DON RODORICO. A chi ho fatto pregiudizio io?

DON IGNAZIO. A me, a cui la rimasta sorella si convenia per piú legittime ragioni.

DON RODORICO. Per che ragioni?

DON IGNAZIO. Prima, avendo io ingiuriato Eufranone, a me tocca la sodisfazione togliendo io la rimasta sorella, ed egli allor sará reintegrato nel suo onore. Appresso, restando io offeso da' suoi inganni e vituperevoli frodi, a me tocca disacerbarmi il dolore con le nozze dell'altra sorella; ché niuna bastarebbe a farmi partir dal cuore la bellezza, onestá, maniere e tante maravigliose parti di Carizia, che sua sorella. Egli, che con tanta sceleratezza ha turbato il tutto, sará rimunerato; ed io verrò offeso, che ho operato bene. Né convien ad un occisor della sorella che divenghi marito dell'altra; e avendomi tolto la prima moglie, non è convenevole che mi toglia la seconda; e tante e tante altre raggioni, che se volessi dirle tutte non si verrebbe mai a capo.

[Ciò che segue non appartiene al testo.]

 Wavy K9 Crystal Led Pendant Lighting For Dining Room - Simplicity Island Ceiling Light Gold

DON RODORICO. Caro figliuolo, non sapevo l'animo vostro: ho avuto pietá della sua vita come una imagine della vostra; e stimava che a questo vostro fratello, ancorché fusse vostra moglie, per compiacergli glie l'avessi concessa.

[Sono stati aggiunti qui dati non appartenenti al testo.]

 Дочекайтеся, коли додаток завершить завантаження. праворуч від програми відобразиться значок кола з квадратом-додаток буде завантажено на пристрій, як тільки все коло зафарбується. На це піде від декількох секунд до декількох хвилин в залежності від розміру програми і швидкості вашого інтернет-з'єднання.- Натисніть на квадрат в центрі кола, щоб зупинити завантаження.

DON IGNAZIO. Il voler tôr a sé e dar ad altri mi par cosa fuor de' termini dell'onesto.

DON FLAMINIO. Ella è mia moglie; e non comporterò mi sia tolto quello con violenza che mi ho procacciato per l'affezion del mio zio e acquistato con ragioni dal padre e con la fede. Fatto il contratto, volete voi rompere le leggi del matrimonio?

DON IGNAZIO. Io non rompo le leggi del matrimonio, ma difendo le mie ragioni con un'altra legge. Ed io non patirò che un frettoloso decreto sia fatto con infame pregiudizio dell'onor mio; e ti conseglio che lasci tal impresa, perché verremo a cattivo termine insieme.

DON FLAMINIO. Pazzo è colui che accetta consigli dal suo nemico: e meco venghisi a qualsivoglia termine, ché con l'armi son per difendere quel che la mia sorte m'ha donato; e te lo giuro da quel che sono.

DON IGNAZIO. D'ingannatore e di traditore!